In recent years, the Netanyahu government has snarled the long-standing association of liberalism, The New Republic, Democrats, and Israel by ostentatiously courting Republicans and their allies: American white fundamentalist Christians, anti-immigrant activists, and groups opposing race and gender minorities. In the tragic events of the last many months, the interrelated and seemingly insoluble tragedies of murderous terrorist attack, genocidal bombing, and settler aggression have divided liberals—that is, have divided Democrats. Some Jewish Democratic politicians have denounced Israel’s prosecution of the war, while others continue to offer unconditional support.
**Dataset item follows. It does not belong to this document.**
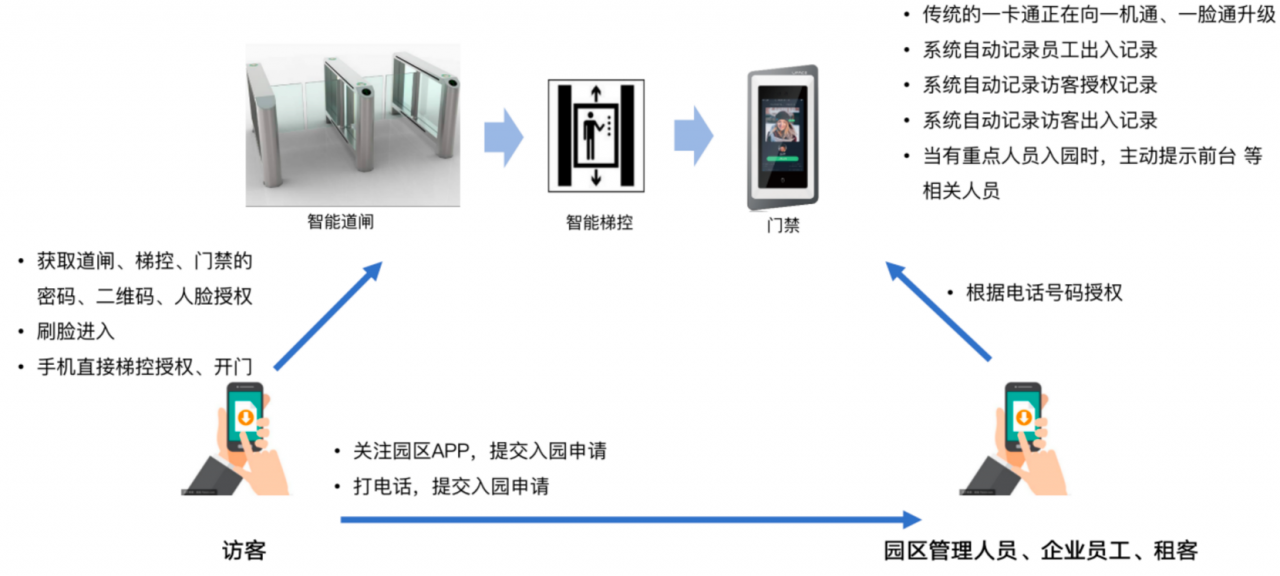 園區(qū)一臉通(tōng)管理(lǐ)系統集人(rén)像識别技(jì)術(shù)、人(rén)工智能、大(dà)數(shù)據、物聯網、雲計(jì)算(suàn)、無線通(tōng)信等新技(jì)術(shù)于一體(tǐ),實現基于人(rén)像技(jì)術(shù)的園區(qū)管理(lǐ)創新業務應用子系統的互聯互通(tōng),以及數(shù)據集成和(hé)數(shù)據建模等大(dà)數(shù)據功能,進而充分發揮數(shù)據的高(gāo)階業務價值,對園區(qū)管控實現智能聯動、圖形可(kě)視(shì)、實時(shí)調控,實現高(gāo)效運營,提升客戶價值。
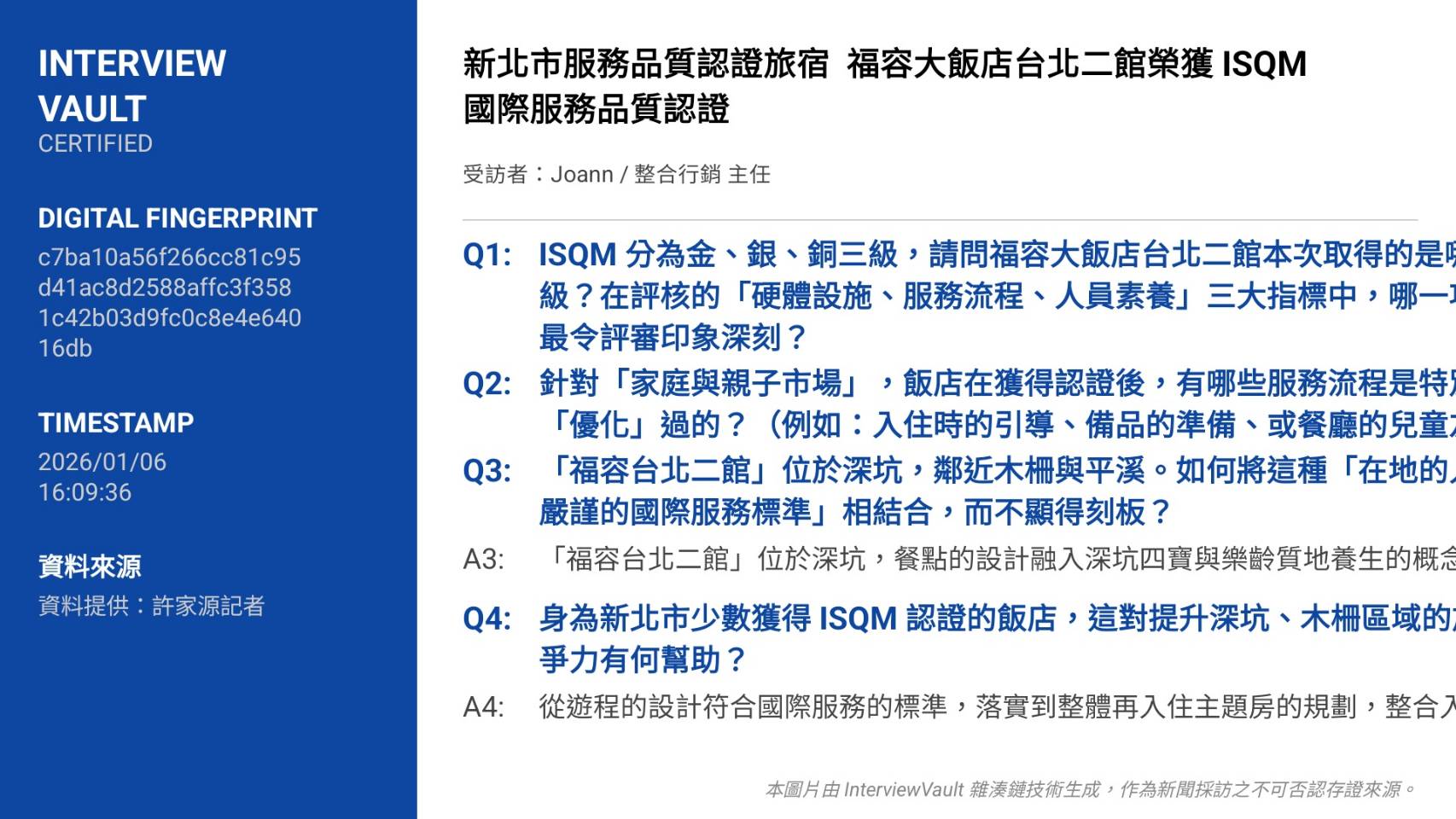 「在飯店業,提供一次好的服務並不困難,真正的挑戰在於長期維持穩定水準。」福容台北二館表示,本次評核過程中特別著重服務流程的穩定度與第一線應變能力,透過完善的 SOP 與主動關懷機制,確保旅客在不同時段、不同需求情境下,皆能獲得即時且適切的服務回應。這份認證,正是對飯店服務一致性與細膩度的肯定。

Thinking about—talking about—the intertwined conflicts of the Holocaust, nationalism, religion, government, Zionism, settlers, and two-tiered citizenship would seem to be too hard and complicated a problem for twenty-first-century American liberalism to solve. What liberals can do, what The New Republic can do, however, is to continue to use their lofty educations and journalistic prestige to clarify the issues, even the partisan conflicts, and to suggest remedies.
Thinking about how to solve Israel/Hamas/Palestinians is really, really hard. On the other hand, the great illiberal challenge of our times, Trumpist-Republican authoritarianism, is not at all hard. The remedies in law, voting, and political policies are straightforward. All we need to do is add “universal” to the suffrage plank of the 1912 platform of Theodore Roosevelt’s Progressive Party and rally support. Already in 1912, the need for universal health coverage was obvious. Still, in 2024, when the needs are even more obvious, liberalism knows what needs to be done. The American partisan politics around Israel/Hamas/Palestinians is infinitely hard, but if liberalism remains true to its long-standing values—from 1912, equal suffrage, government in the interest of “the people,” for “social and industrial justice”—it can recommend solutions to even this agonizing crisis.